Nous savons que parmi les dossiers stratégiques nationaux figure celui de la relance européenne. L’union Européenne connaît effectivement aujourd’hui une période atone qu’on qualifierait de « sans projet »…sauf celui visant à écrire le futur document stratégique « Europe 2020 ». Dans ces perspectives nous savons que l’avenir de l’Europe, et donc notre avenir, se joue sans nul doute sur une partition politique…Effectivement quelle gouvernance politique pour une Europe qui devra répondre aux défis du milieu du siècle ?

Mais la dimension politique n’est pas le seul élément de la relance du projet européen. La composante économique est également importante. Car, depuis l’avènement de la monnaie unique, aucune grande « avancée » notable n’est apparue ce qui ne peut que nourrir qu’une impression d’essoufflement et de questionnement sur la réelle finalité d’une telle organisation de 500 millions d’individus. En effet, pourquoi tant de sacrifices si les bénéfices espérés ne sont ni visibles, ni palpables et si l’Europe qu’on nous dit protectrice se révèlerait n’être qu’un frêle bouclier. Aussi, toute réflexion qui permet de redonner un nouveau souffle et/ou un nouveau sens à la construction européenne est la bienvenue.

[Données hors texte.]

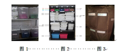 专属空间,让抹布放置更安心。洗衣房里的专用储存箱,让抹布同一颜色统一归置(见图1),针对分色管理特别改良的、拥有抹布指定放置位置(见图2)的楼层工作车也安排了专用“停车位”,就连被使用过的脏抹布也有专门的安置点——按照颜色分类指定的布草袋内(见图3)。
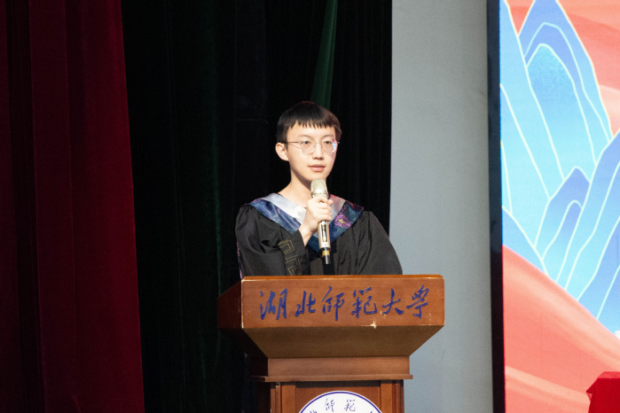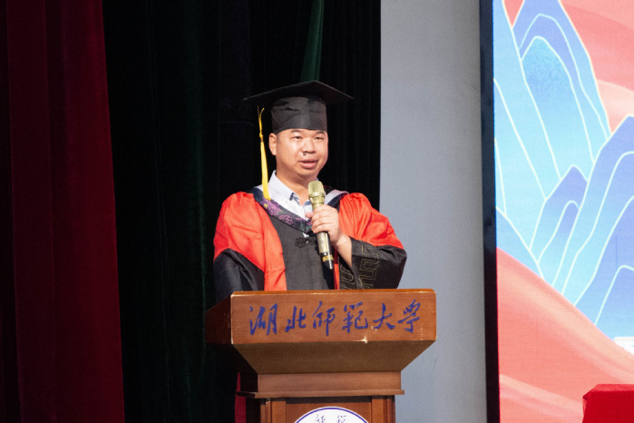 10点整,毕业典礼在庄严雄壮的国歌声中拉开了序幕。学院党委书记杨应华致辞,他代表学院向299名本科生和19名硕士研究生圆满完成学业表示热烈祝贺,对毕业生们提出了几点希望:一是以主动精神追寻人生的航标,成为一个因为主动而内心安宁的人;二是以人文情怀去从容求索,希望同学们身上奔涌着前辈学者的精神血脉,虽不可见,却实际拥有着绵延不息的伟力。最后,他深情地嘱托同学们在努力拼搏,同时绑定电子校友卡,常回家看看。

Dans ce cadre on est bien content de lire les réflexions de Michel Barnier, Commissaire européen au marché intérieur. Vous y trouverez un ensemble de proposition pour établir le « nouvel acte » du marché unique tant attendu. Ce renforcement du marché intérieur étant vue comme une des pierres angulaire de la réussite de la « stratégie Europe 2020 » ! Si la communication de ce projet a mobilisé 9 commissaires européens, on est quelque peu soucieux, au niveau des RUP, de constater que celui en charge de la politique régionale n’y était pas. Encore une fois le fait que la singularité des RUP ne soit pas prise en considération dès le début des réflexions pose toujours ensuite le problème de la débauche d’énergie pour convaincre Bruxelles du bien fondé de nos positions.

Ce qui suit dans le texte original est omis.